• **Material provided**
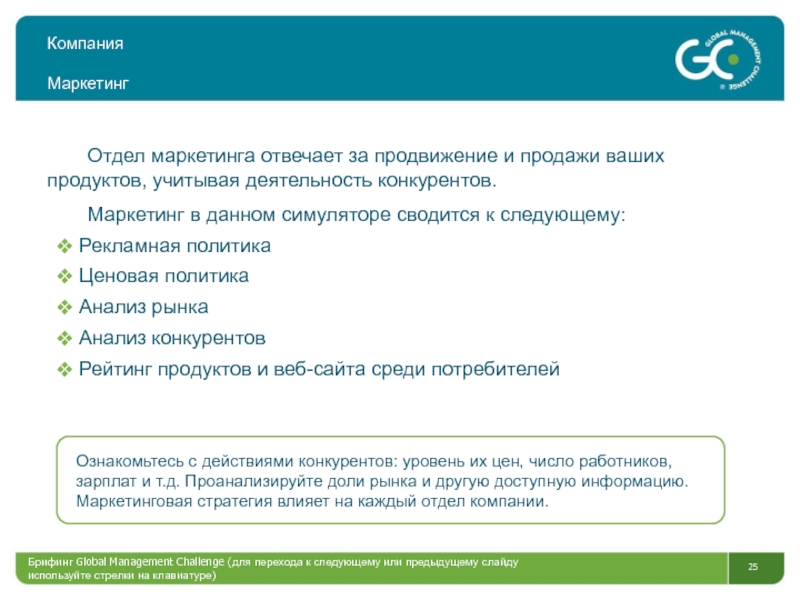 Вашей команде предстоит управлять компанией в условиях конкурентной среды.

---

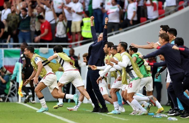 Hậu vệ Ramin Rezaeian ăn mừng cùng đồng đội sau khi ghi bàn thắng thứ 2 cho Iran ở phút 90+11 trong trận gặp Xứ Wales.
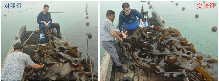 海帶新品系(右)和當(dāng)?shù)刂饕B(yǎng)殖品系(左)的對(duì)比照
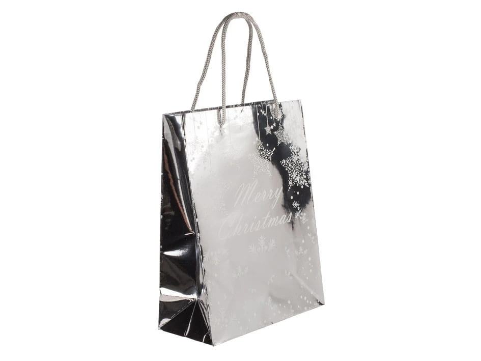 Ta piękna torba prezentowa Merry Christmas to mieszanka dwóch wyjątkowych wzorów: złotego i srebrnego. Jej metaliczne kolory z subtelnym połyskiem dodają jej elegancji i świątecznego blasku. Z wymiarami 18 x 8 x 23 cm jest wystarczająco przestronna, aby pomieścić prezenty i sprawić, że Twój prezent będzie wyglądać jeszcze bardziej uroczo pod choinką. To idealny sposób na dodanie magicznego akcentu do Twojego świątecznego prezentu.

• **Goal of the exercise**
Output exactly the lines of the listing above that start with the one holding "海帶新品系(右)和當(dān" and go on through the one holding "Ta piękna torba"; leave the pictures out.

• **Answer section**
 海帶新品系(右)和當(dāng)?shù)刂饕B(yǎng)殖品系(左)的對(duì)比照
 Ta piękna torba prezentowa Merry Christmas to mieszanka dwóch wyjątkowych wzorów: złotego i srebrnego. Jej metaliczne kolory z subtelnym połyskiem dodają jej elegancji i świątecznego blasku. Z wymiarami 18 x 8 x 23 cm jest wystarczająco przestronna, aby pomieścić prezenty i sprawić, że Twój prezent będzie wyglądać jeszcze bardziej uroczo pod choinką. To idealny sposób na dodanie magicznego akcentu do Twojego świątecznego prezentu.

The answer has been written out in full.